SUPPLIED INFORMATION section start

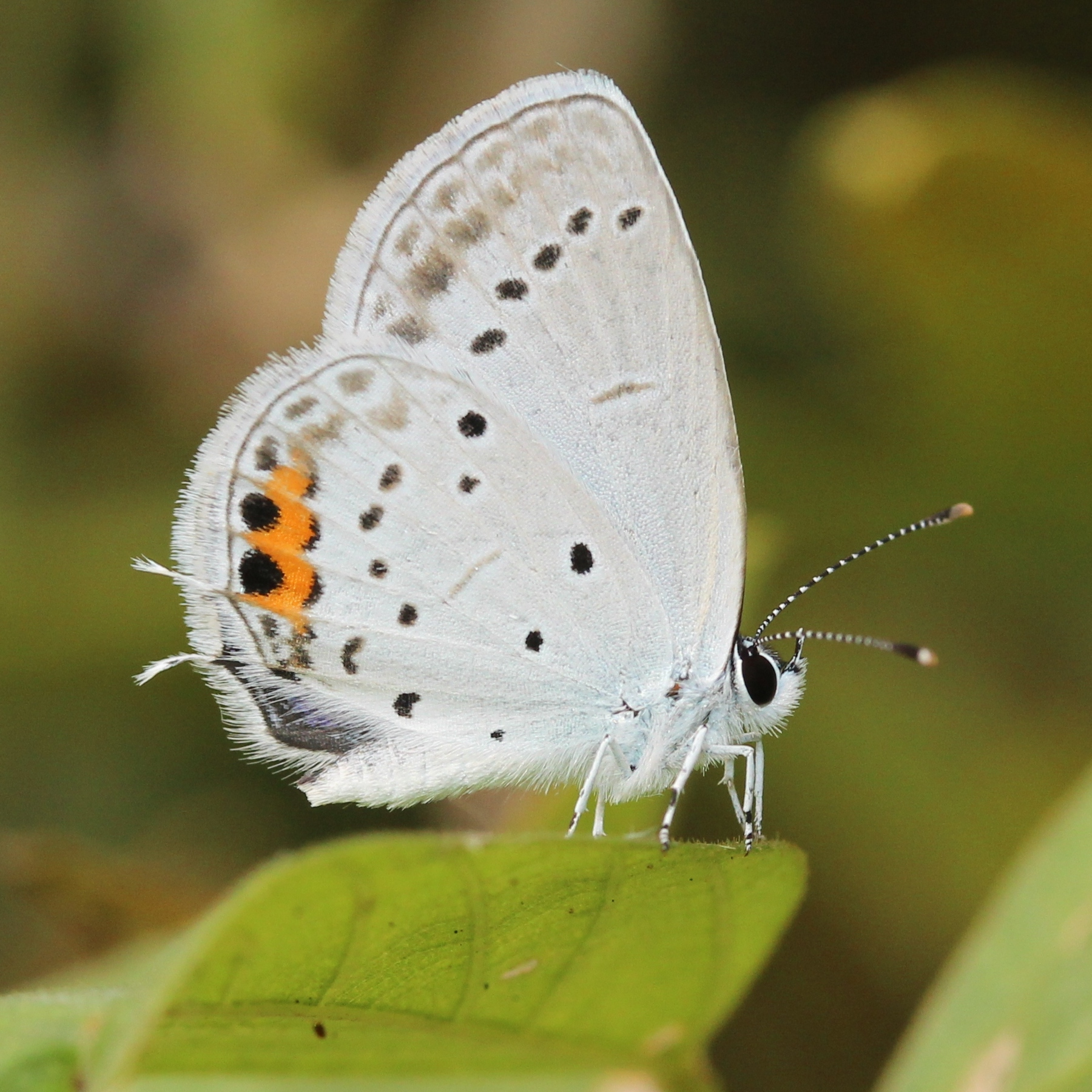 Short-tailed Blue (Everes argiades (Pallas, 1771) ), in Japan.
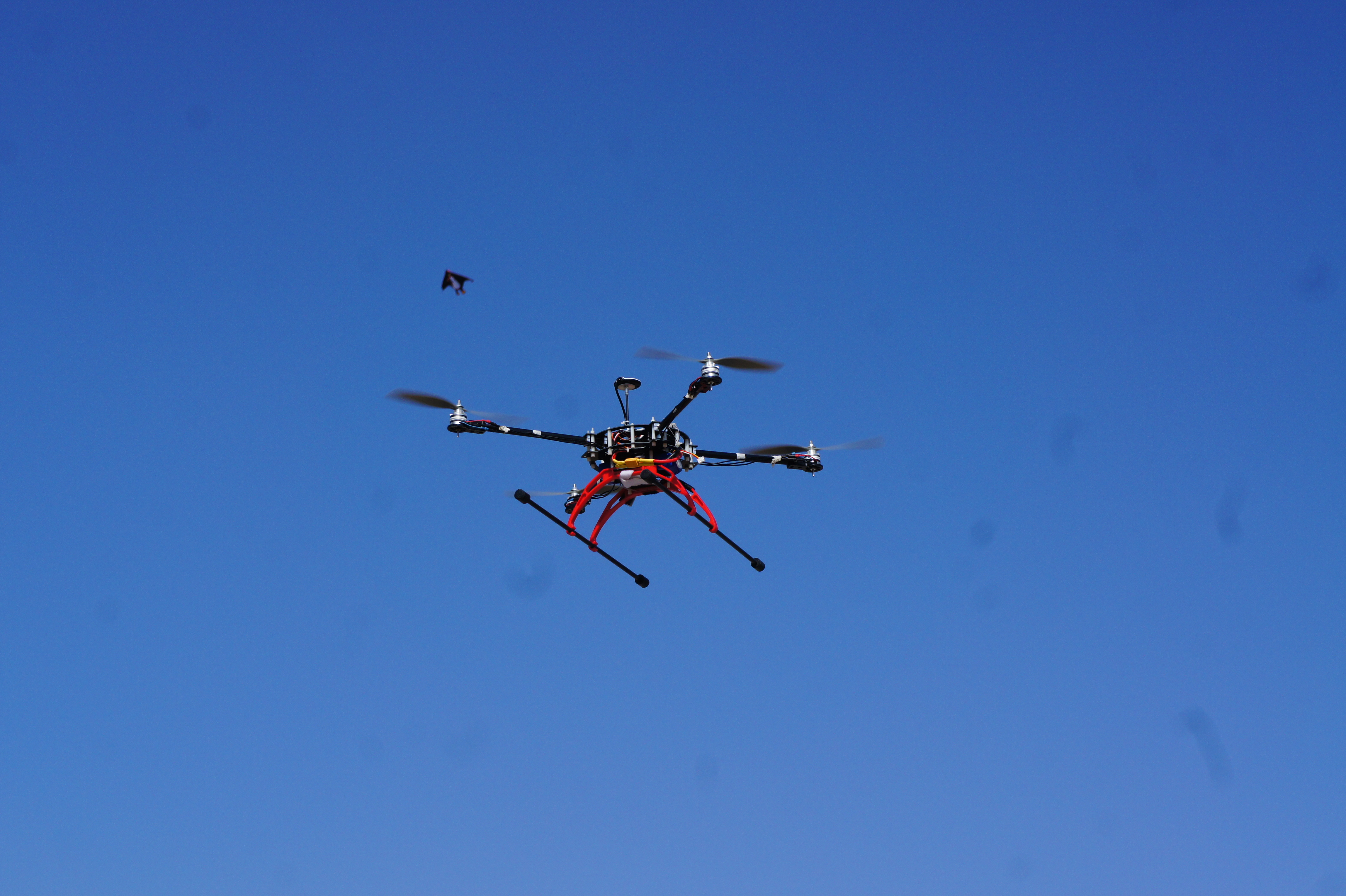 A Quadrotor flight in the air
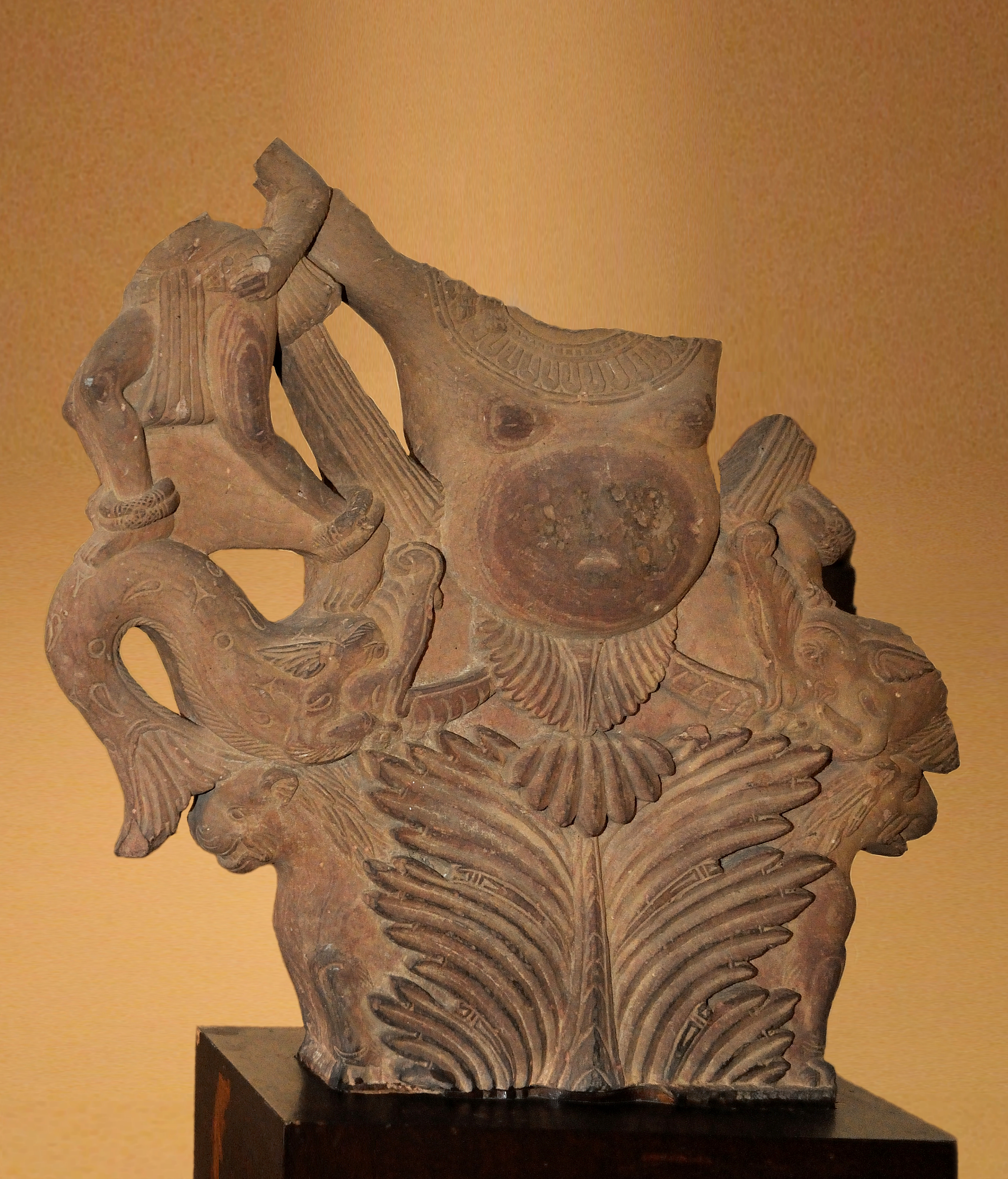 Chamunda Tila pillar capital, Mathura (background)
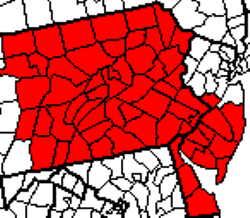 Map of the Third District of the Federal Reserve System

SUPPLIED INFORMATION section end

Your task is to quote exactly the lines from the one with "A Quadrotor flight in the air" through the end of the material, both included, without reproducing any pictures.

 A Quadrotor flight in the air
 Chamunda Tila pillar capital, Mathura (background)
 Map of the Third District of the Federal Reserve System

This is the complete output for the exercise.